Stat Methods Med Res. 2013 Feb;22(1):70-96. doi: 10.1177/0962280211403603. Epub 2011 Oct 19.
This article reviews methods for comparative effectiveness research using observational data. The basic idea is using an observational study to emulate a hypothetical randomised trial by comparing initiators versus non-initiators of treatment. After adjustment for measured baseline confounders, one can then conduct the observational analogue of an intention-to-treat analysis. We also explain two approaches to conduct the analogues of per-protocol and as-treated analyses after further adjusting for measured time-varying confounding and selection bias using inverse-probability weighting. As an example, we implemented these methods to estimate the effect of statins for primary prevention of coronary heart disease (CHD) using data from electronic medical records in the UK. Despite strong confounding by indication, our approach detected a potential benefit of statin therapy. The analogue of the intention-to-treat hazard ratio (HR) of CHD was 0.89 (0.73, 1.09) for statin initiators versus non-initiators. The HR of CHD was 0.84 (0.54, 1.30) in the per-protocol analysis and 0.79 (0.41, 1.41) in the as-treated analysis for 2 years of use versus no use. In contrast, a conventional comparison of current users versus never users of statin therapy resulted in a HR of 1.31 (1.04, 1.66). We provide a flexible and annotated SAS program to implement the proposed analyses.

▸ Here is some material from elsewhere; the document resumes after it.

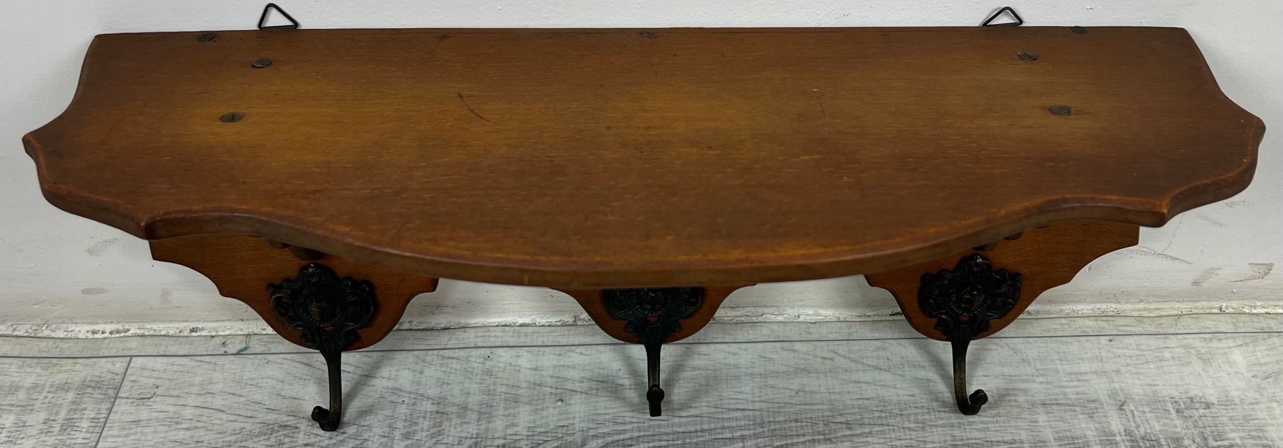 СТИЛЬНА ПІДВІСНА ДУБОВА ВІШАЛКА, ПОЛИЧКА МАСИВНА ДУБА, 3 ГАЧКИ N01

本文回顾了使用观察性数据进行疗效比较研究的方法。基本思路是通过比较治疗的起始者和非起始者,使用观察性研究来模拟假设的随机试验。在调整了测量的基线混杂因素后,就可以对治疗意向进行观察性模拟分析。我们还解释了两种方法,在进一步调整了测量的时变混杂因素和选择偏倚后,使用逆概率加权法对符合方案和实际治疗分析进行模拟。例如,我们使用英国电子病历中的数据,实施了这些方法来估计他汀类药物在冠心病(CHD)一级预防中的效果。尽管存在强烈的指示性混杂,但我们的方法检测到他汀类药物治疗的潜在益处。他汀类药物起始者与非起始者的 CHD 发生率的意向治疗风险比(HR)为 0.89(0.73,1.09)。在符合方案分析中,CHD 的 HR 为 0.84(0.54,1.30),在实际治疗分析中,使用 2 年与不使用的 HR 为 0.79(0.41,1.41)。相比之下,常规比较当前使用他汀类药物治疗的患者与从未使用过他汀类药物治疗的患者,HR 为 1.31(1.04,1.66)。我们提供了一个灵活且带注释的 SAS 程序来实现所提出的分析。